··· DATA PROVIDED

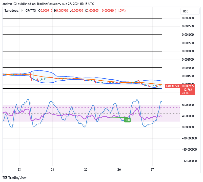 A downward channel has been made between the middle and lower Bollinger Bands to embody the pace of the forces that is being demonstrated between bulls and bears in the business operations of TAMA/USD trade, as the crypto market now debases slowly, preparing up-swings signs.
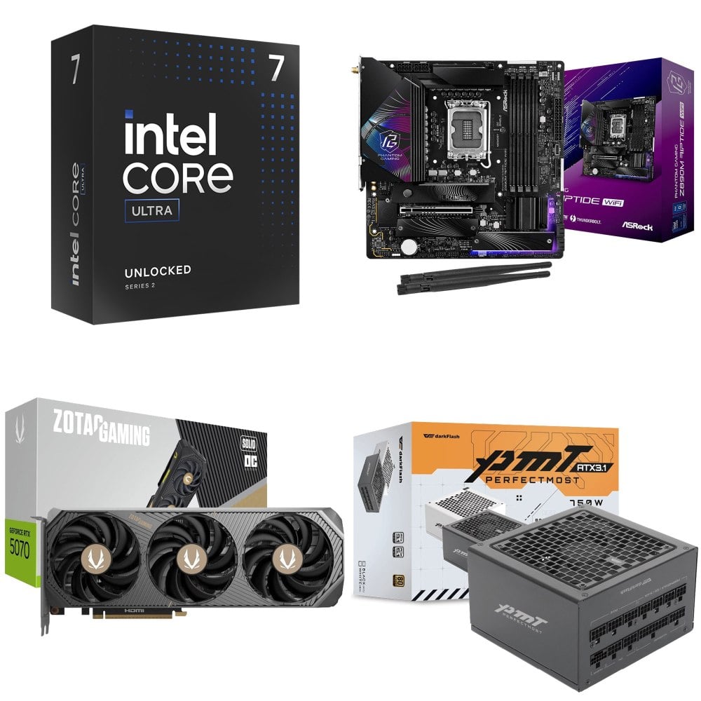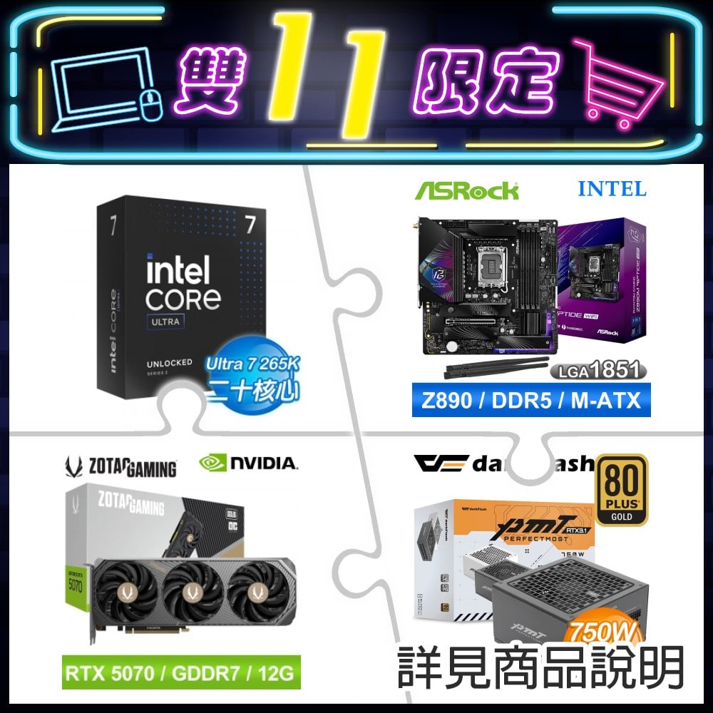 ☆期間限定★ Intel Core Ultra 7 265K+華擎 Z890M Riptide WiFi D5 M-ATX主機板+索泰 RTX 5070 SOLID OC 12G 顯示卡+darkFlash PMT 750W 金牌 全模組 ATX3.1 PCIe 5.1 電源供應器《黑》
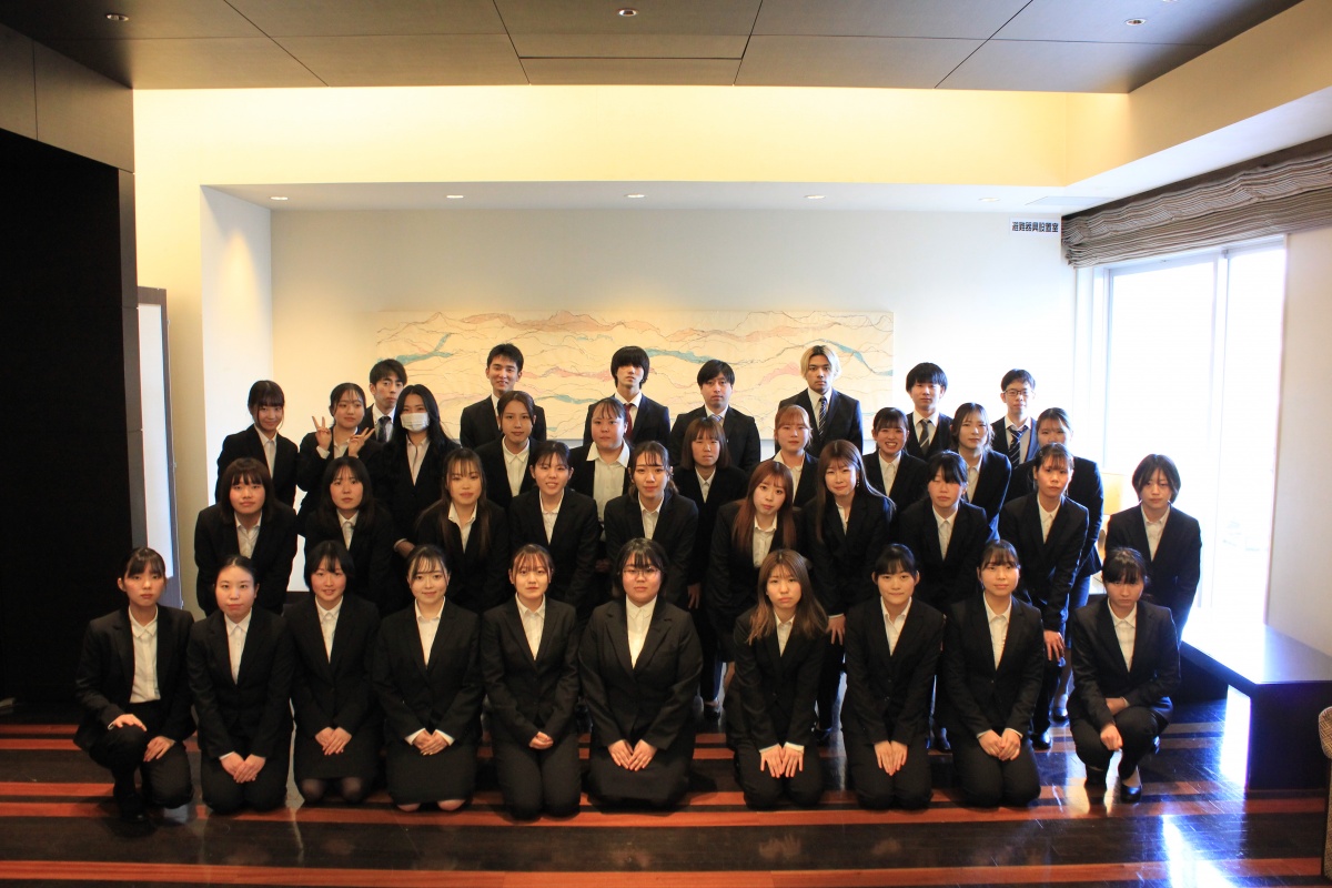 昨年度に続き、高松国際ホテルにてスタッフの方のご指導のもと、実際にコース料理を食べながら食事のマナーを学びました。料理については、総料理長から説明がありました。
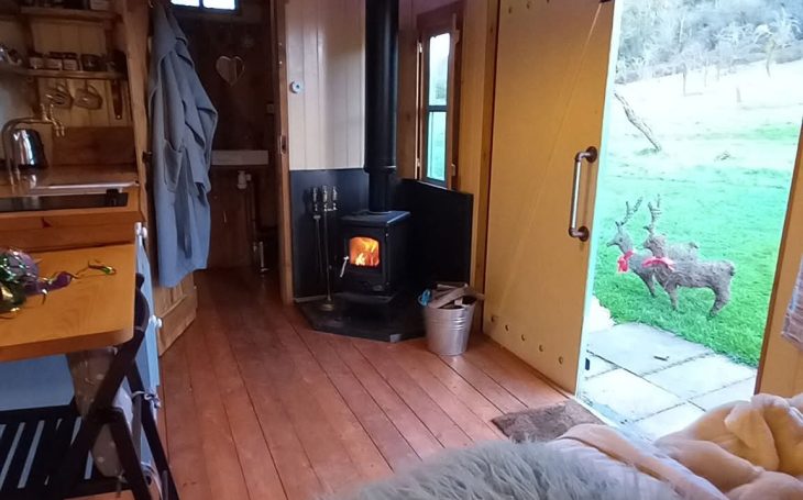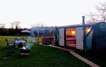 Looking for a little bit more of luxury then go for our 1930’s Converted Railway Wagon, it has a wood burning stove & wood fired hot tub, sleeps 2 people in a double bed with Kitchen and en-suite bathroom with electric shower and a modern compost toilet. Outside your firepit and seating area.
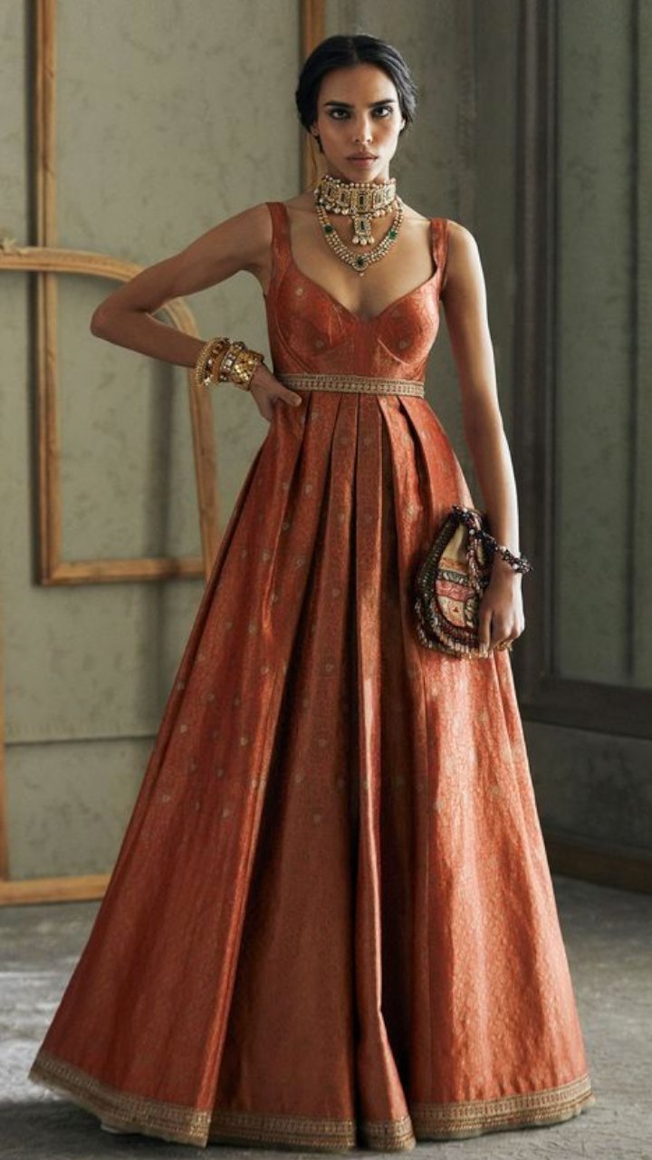 अगर आप ब्राइड हैं और रिसेप्शन पार्टी में पहने जाने वाले आउटफिट में मॉर्डन के साथ थोड़ा ट्रेडिशनल टच भी चाहती हैं, तो ब्रोकेड अनारकली का ऑप्शन रहेगा परफेक्ट। इस ड्रेस के साथ आपको बहुत हैवी ज्यूलरी कैरी करने की भी नहीं जरूरत। नेकलेस या हैवी झुमके हैं काफी लुक को पूरा करने के लिए।

······

▶ EXERCISE DIRECTIONS: Above are some records. Output exactly the lines from the one that contains "PCIe 5.1 電源供應器《黑》" to the one that contains "昨年度に続き、高松国際ホテル", keeping both, and omit the pictures.

▶ TASK SOLUTION:
 ☆期間限定★ Intel Core Ultra 7 265K+華擎 Z890M Riptide WiFi D5 M-ATX主機板+索泰 RTX 5070 SOLID OC 12G 顯示卡+darkFlash PMT 750W 金牌 全模組 ATX3.1 PCIe 5.1 電源供應器《黑》
 昨年度に続き、高松国際ホテルにてスタッフの方のご指導のもと、実際にコース料理を食べながら食事のマナーを学びました。料理については、総料理長から説明がありました。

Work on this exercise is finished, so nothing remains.